## Recorded information
[Start of section]
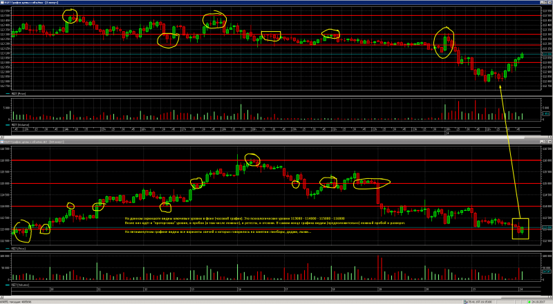 На данном скриншоте видны ключевые уровни в фоне (часовой график). Это психологические уровни 113000 - 114000 - 115000 - 116000
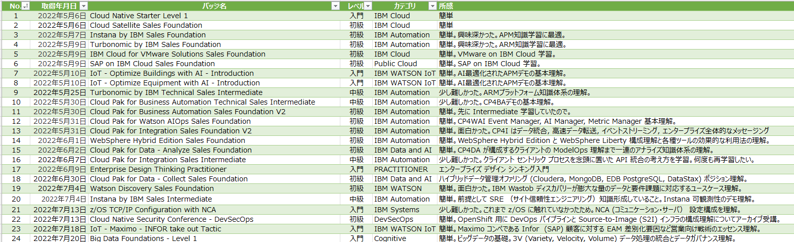 みなさん、こんにちは。私はオンプレミスのフルスタックエンジニア経験がある BP マルチクラウド プリセールス(技術営業)で Azure Solutions Architect Expert, Azure DevOps Engineer Expert 認定を受けています。職場は Microsoft Azure のみならず IBM Cloud を扱っており IBM 認定ディジタルバッジ取得が推奨されていたので 2022年5月大型連休から IBM Training で自習を開始しました。当初は IBM AIOps 技術研修を受講したくて事前に取得要件である科目のみを自習していましたが、学習コンテンツ(主に MP4 動画, PPTX, PDF)では隣接する他の商材紹介が多くあり興味を拡げる内容です。他社 Microsoft Learning は学習ゴールと範囲が明確のため隣接商材へ直接遷移することはありません。予め Well-Architected Framework をもとに学習計画を立てているなら学習の拡がりはあるでしょう。
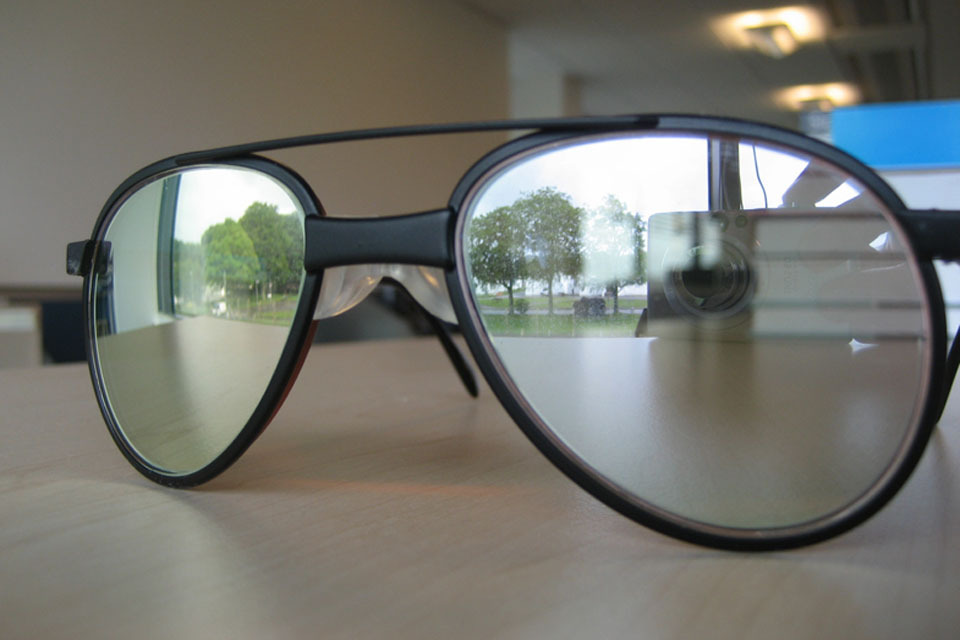 This is achieved by a composite structure comprising a polycarbonate layer, made with a special absorbing optical dye, bonded to a thin glass lens with a special coating to reflect certain wavelengths.
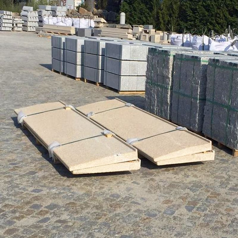 Sichtschutz aus Granit Tiago, Farbe Gelb bis hellgelb. Alle Seiten gesägt und gestrahlt, 10 cm stark, 50 cm breit. Einzellängen bis 350 cm. Andere Größen und Formate sowie Wunschgrößen kurzfristig lieferbar. Rechteckige Ausschnitte oder rundes Guckloch gegen Aufpreis möglich. Tiago Granit ist ein homogener, intensiv gelber, mittel- bis feinkörniger Granit aus Nordportugal. Er zeichnet sich durch ausgezeichnete technische Eigenschaften aus. Mit einer Wasseraufnahme von nur 0,2 % bleibt dieser Stein auch nach Jahren farbecht. Granit Tiago gelb ist frostbeständig, rostfrei und säurebeständig. Granit Tiago gelb bieten wir mit sandgestrahlten Oberflächen an, die gelbe Farbe des Gesteins wird dadurch freundlich hellgelb. Andere Oberflächenbehandlungen sind auf Anfrage möglich. Granit Tiago ist ein Natursteinprodukt und unterliegt sehr geringen Korn- und Farbschwankungen. Der Preis zu diesem Artikel ist gültig ab Werk Portugal bei genannter Mindestbestellmenge. Sollten Sie weniger benötigen, klicken Sie auf den blauen Botton Preisanfrage. Sie bekommen schnellstens ein kostenloses Angebot. Wir beraten Sie gerne auch telefonisch. Rufen Sie uns an +49 7761 93790460, aus der Schweiz +41 32 5132833.
[End of section]
## Assigned task
Copy out the listing above in full and leave out its pictures.

## Reply to the task
 На данном скриншоте видны ключевые уровни в фоне (часовой график). Это психологические уровни 113000 - 114000 - 115000 - 116000
 みなさん、こんにちは。私はオンプレミスのフルスタックエンジニア経験がある BP マルチクラウド プリセールス(技術営業)で Azure Solutions Architect Expert, Azure DevOps Engineer Expert 認定を受けています。職場は Microsoft Azure のみならず IBM Cloud を扱っており IBM 認定ディジタルバッジ取得が推奨されていたので 2022年5月大型連休から IBM Training で自習を開始しました。当初は IBM AIOps 技術研修を受講したくて事前に取得要件である科目のみを自習していましたが、学習コンテンツ(主に MP4 動画, PPTX, PDF)では隣接する他の商材紹介が多くあり興味を拡げる内容です。他社 Microsoft Learning は学習ゴールと範囲が明確のため隣接商材へ直接遷移することはありません。予め Well-Architected Framework をもとに学習計画を立てているなら学習の拡がりはあるでしょう。
 This is achieved by a composite structure comprising a polycarbonate layer, made with a special absorbing optical dye, bonded to a thin glass lens with a special coating to reflect certain wavelengths.
 Sichtschutz aus Granit Tiago, Farbe Gelb bis hellgelb. Alle Seiten gesägt und gestrahlt, 10 cm stark, 50 cm breit. Einzellängen bis 350 cm. Andere Größen und Formate sowie Wunschgrößen kurzfristig lieferbar. Rechteckige Ausschnitte oder rundes Guckloch gegen Aufpreis möglich. Tiago Granit ist ein homogener, intensiv gelber, mittel- bis feinkörniger Granit aus Nordportugal. Er zeichnet sich durch ausgezeichnete technische Eigenschaften aus. Mit einer Wasseraufnahme von nur 0,2 % bleibt dieser Stein auch nach Jahren farbecht. Granit Tiago gelb ist frostbeständig, rostfrei und säurebeständig. Granit Tiago gelb bieten wir mit sandgestrahlten Oberflächen an, die gelbe Farbe des Gesteins wird dadurch freundlich hellgelb. Andere Oberflächenbehandlungen sind auf Anfrage möglich. Granit Tiago ist ein Natursteinprodukt und unterliegt sehr geringen Korn- und Farbschwankungen. Der Preis zu diesem Artikel ist gültig ab Werk Portugal bei genannter Mindestbestellmenge. Sollten Sie weniger benötigen, klicken Sie auf den blauen Botton Preisanfrage. Sie bekommen schnellstens ein kostenloses Angebot. Wir beraten Sie gerne auch telefonisch. Rufen Sie uns an +49 7761 93790460, aus der Schweiz +41 32 5132833.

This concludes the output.